## Records for this task
▬▬▬

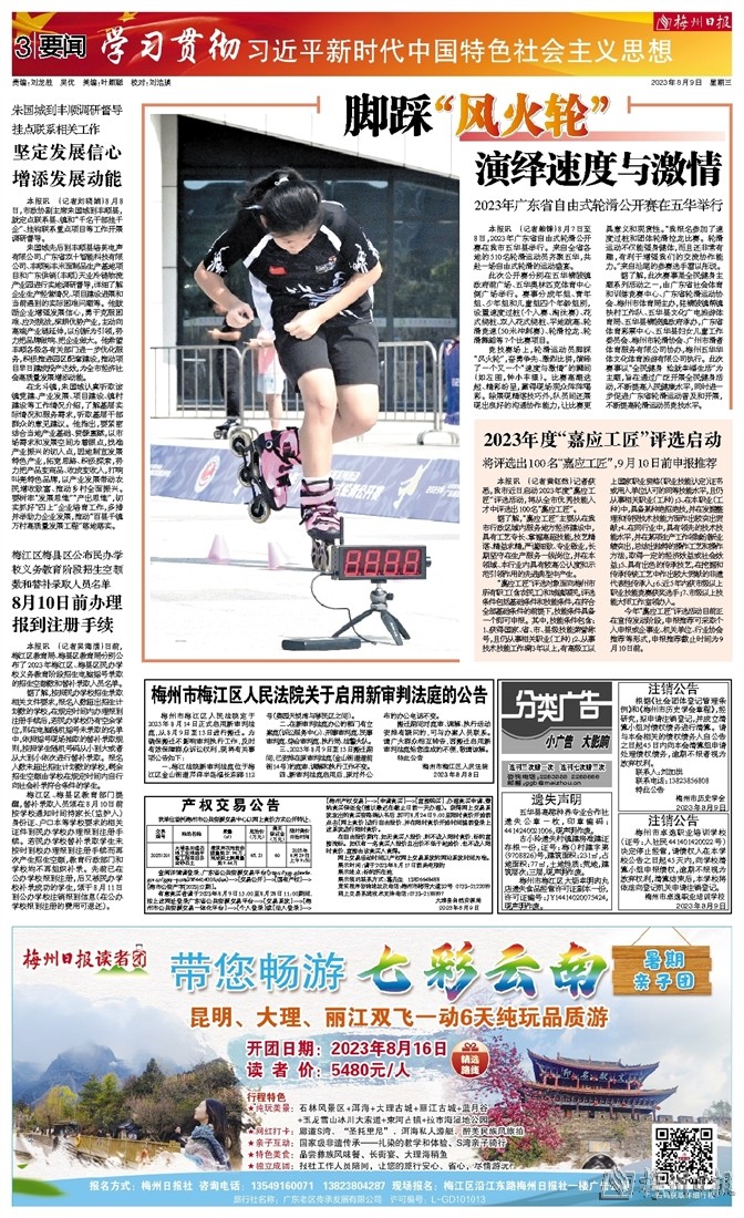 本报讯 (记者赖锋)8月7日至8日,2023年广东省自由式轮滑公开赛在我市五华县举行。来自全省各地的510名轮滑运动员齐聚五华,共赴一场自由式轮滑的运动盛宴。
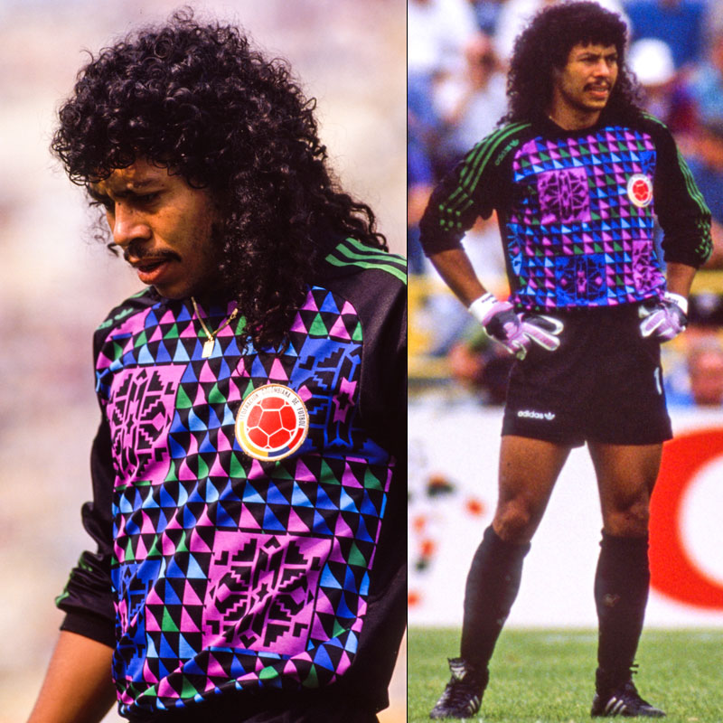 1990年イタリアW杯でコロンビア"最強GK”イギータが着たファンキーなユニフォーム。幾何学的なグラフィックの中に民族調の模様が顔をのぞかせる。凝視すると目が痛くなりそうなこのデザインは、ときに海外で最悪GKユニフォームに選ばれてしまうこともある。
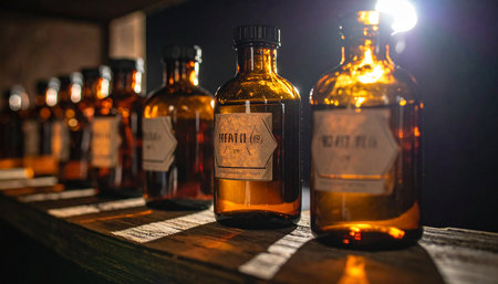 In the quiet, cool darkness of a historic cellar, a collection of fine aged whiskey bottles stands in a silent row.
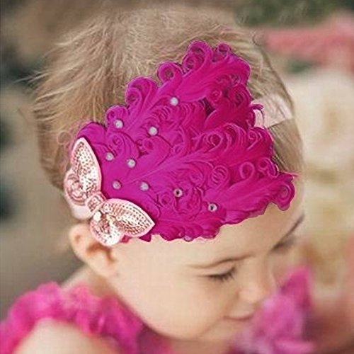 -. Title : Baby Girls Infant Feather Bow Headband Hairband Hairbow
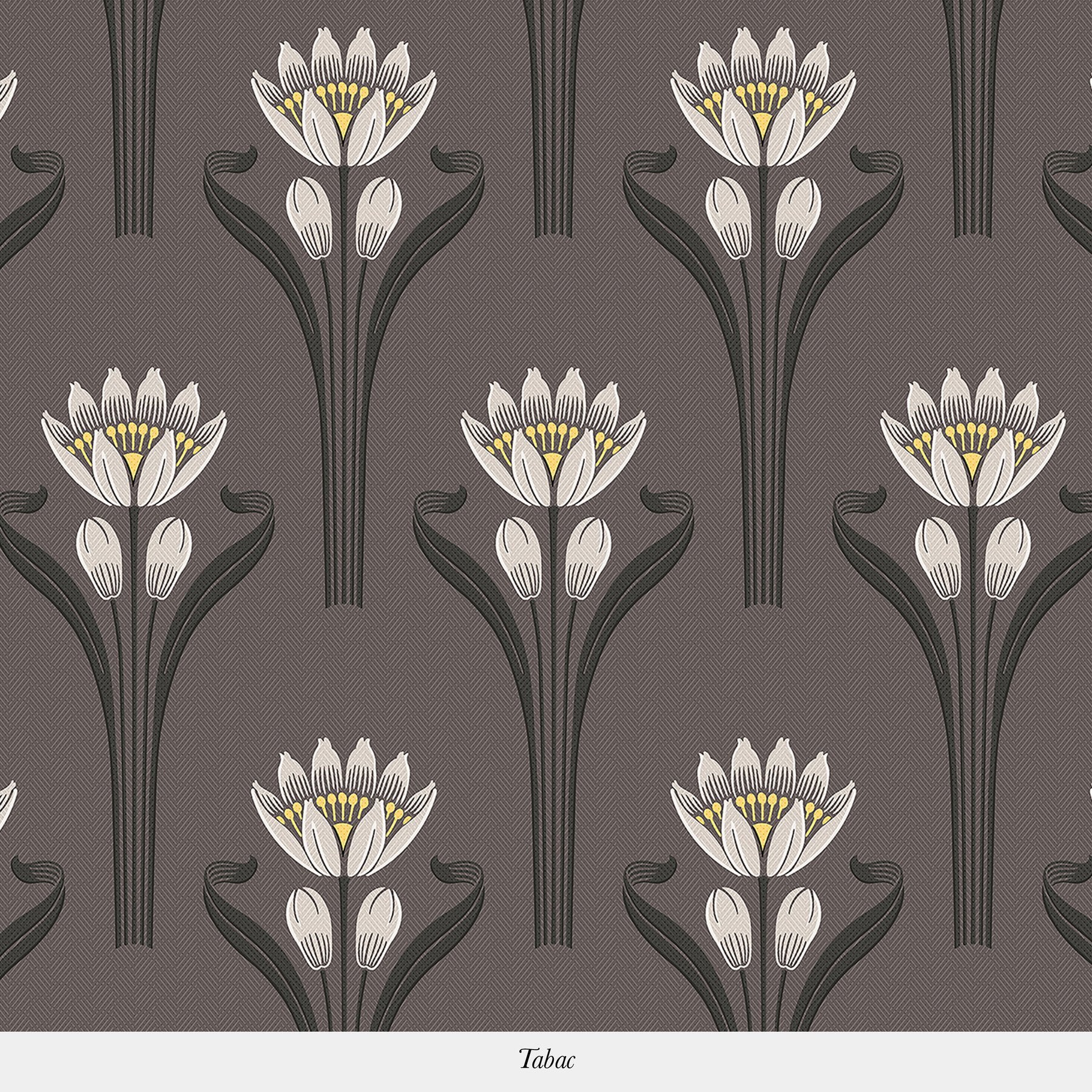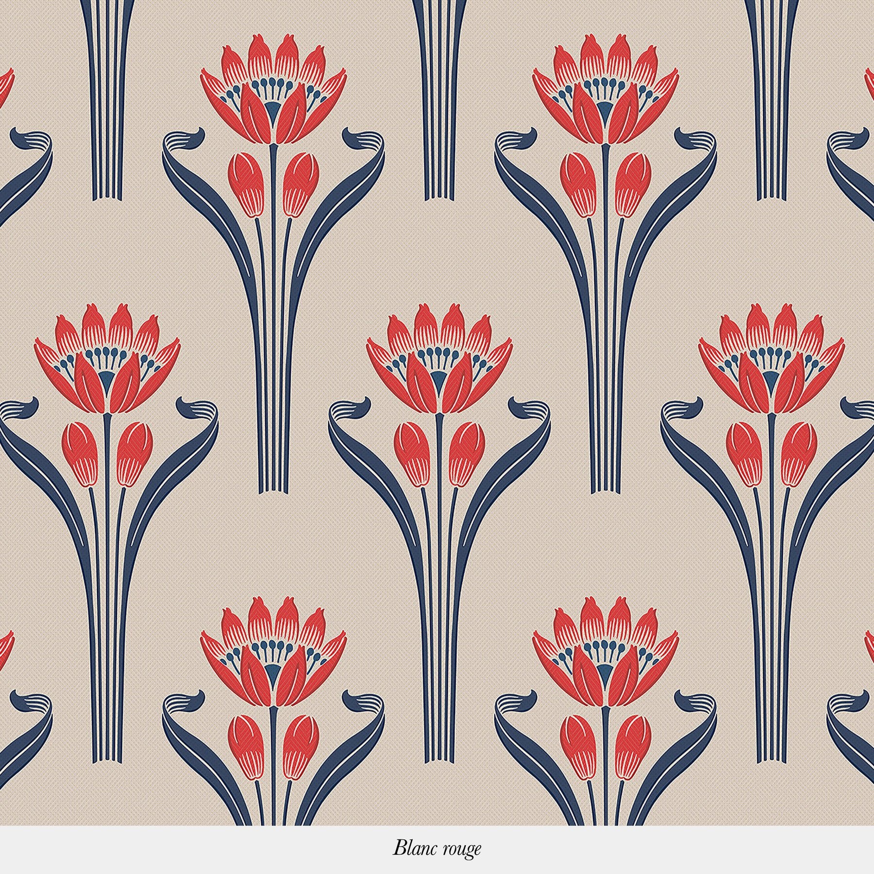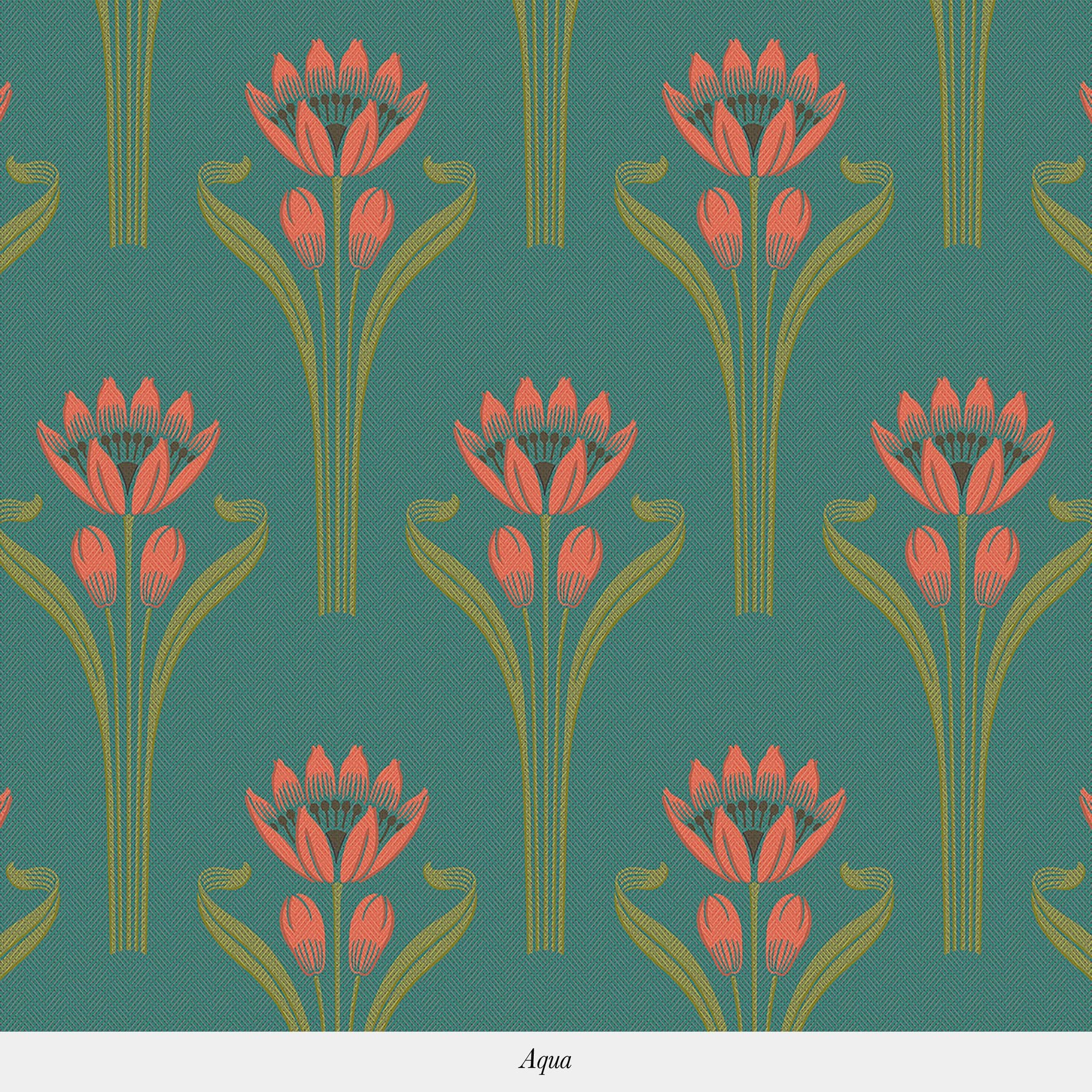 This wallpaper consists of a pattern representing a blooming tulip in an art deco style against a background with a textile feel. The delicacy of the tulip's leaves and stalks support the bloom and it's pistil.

▬▬▬

## What you have to do
Would you please repeat all the data word for word, but without the pictures?

## Solution
 本报讯 (记者赖锋)8月7日至8日,2023年广东省自由式轮滑公开赛在我市五华县举行。来自全省各地的510名轮滑运动员齐聚五华,共赴一场自由式轮滑的运动盛宴。
 1990年イタリアW杯でコロンビア"最強GK”イギータが着たファンキーなユニフォーム。幾何学的なグラフィックの中に民族調の模様が顔をのぞかせる。凝視すると目が痛くなりそうなこのデザインは、ときに海外で最悪GKユニフォームに選ばれてしまうこともある。
 In the quiet, cool darkness of a historic cellar, a collection of fine aged whiskey bottles stands in a silent row.
 -. Title : Baby Girls Infant Feather Bow Headband Hairband Hairbow
 This wallpaper consists of a pattern representing a blooming tulip in an art deco style against a background with a textile feel. The delicacy of the tulip's leaves and stalks support the bloom and it's pistil.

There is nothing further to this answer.